Files

Shinwoo PARK bf1495a4d0 docs: add IdentityDB foundation plan

2026-05-11 10:41:45 +09:00

14 KiB

Raw Blame History

IdentityDB Foundation Implementation Plan

For Hermes: Use the subagent-driven-development skill to execute this plan task-by-task. Enforce strict TDD for every production behavior.

Goal: Build the first usable version of IdentityDB, a TypeScript package that wraps relational databases and exposes a structured API for storing topics, facts, and their many-to-many graph relationships.

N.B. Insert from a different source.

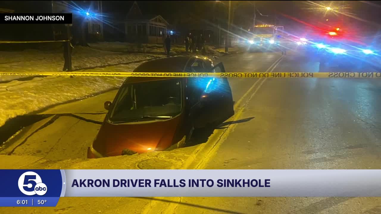 According to the City of Akron, the sinkhole is in the 1100 block of North Howard. Akron firefighters responded to the area around 9:41 p.m. on Friday after one vehicle bounced in and out of it and a second vehicle became stuck.

Architecture: IdentityDB will use a layered architecture: a storage layer based on Kysely + dialect adapters, a domain layer for topics/facts/links, and a service layer that exposes ergonomic high-level APIs for querying and ingesting memory. Schema initialization will be automatic and idempotent. AI-assisted ingestion will be abstracted behind a pluggable extractor interface so callers can use a small LLM or a deterministic extractor without coupling the core package to a specific model provider.

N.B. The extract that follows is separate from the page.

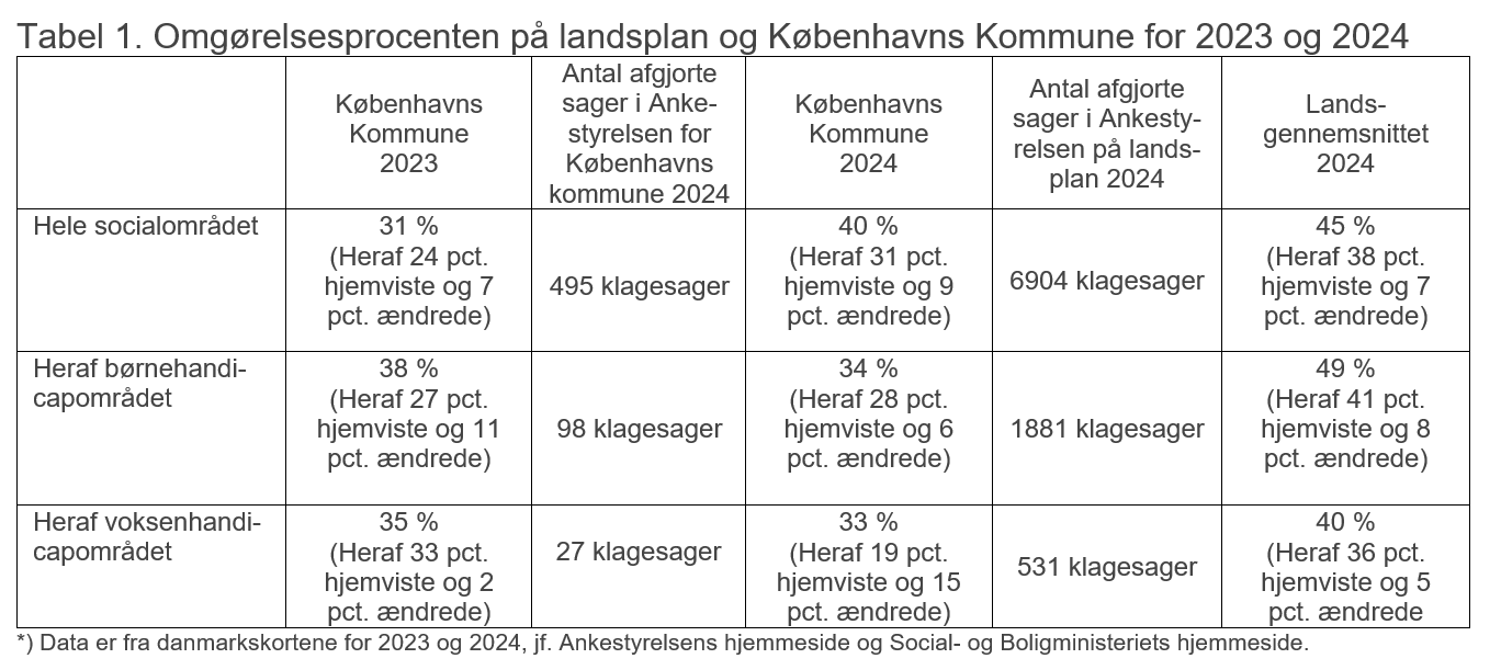 Ifølge danmarkskortet for 2024 er Københavns Kommunes omgørelsesprocent på socialområdet generelt på 40 pct., mens den er 34 pct. på børnehandicapområdet og 33 pct. på voksenhandicapområdet. Som det fremgår af tabel 1, ligger Københavns Kommunes omgørelsesprocent i 2024 på de tre kortområder under landsgennemsnittet.

Tech Stack: TypeScript, Bun, Node.js, Kysely, better-sqlite3, pg, mysql2, Vitest, tsup.

Product constraints and interpretation

The package must support SQLite, PostgreSQL, MySQL, and MariaDB.
The database model must treat a single fact as a connector between multiple topics.
Topics can represent concrete entities (TypeScript), abstract concepts (programming language), or temporal anchors (2025).
Topic abstraction should be explicit in the schema so broad topics can store broad facts while specific topics store specific facts.
The initial release should prioritize correctness, portability, and ergonomic API design over advanced search or embedding features.
AI-assisted topic extraction should be implemented as an integration point in v1 foundation, not as a hardcoded provider-specific dependency.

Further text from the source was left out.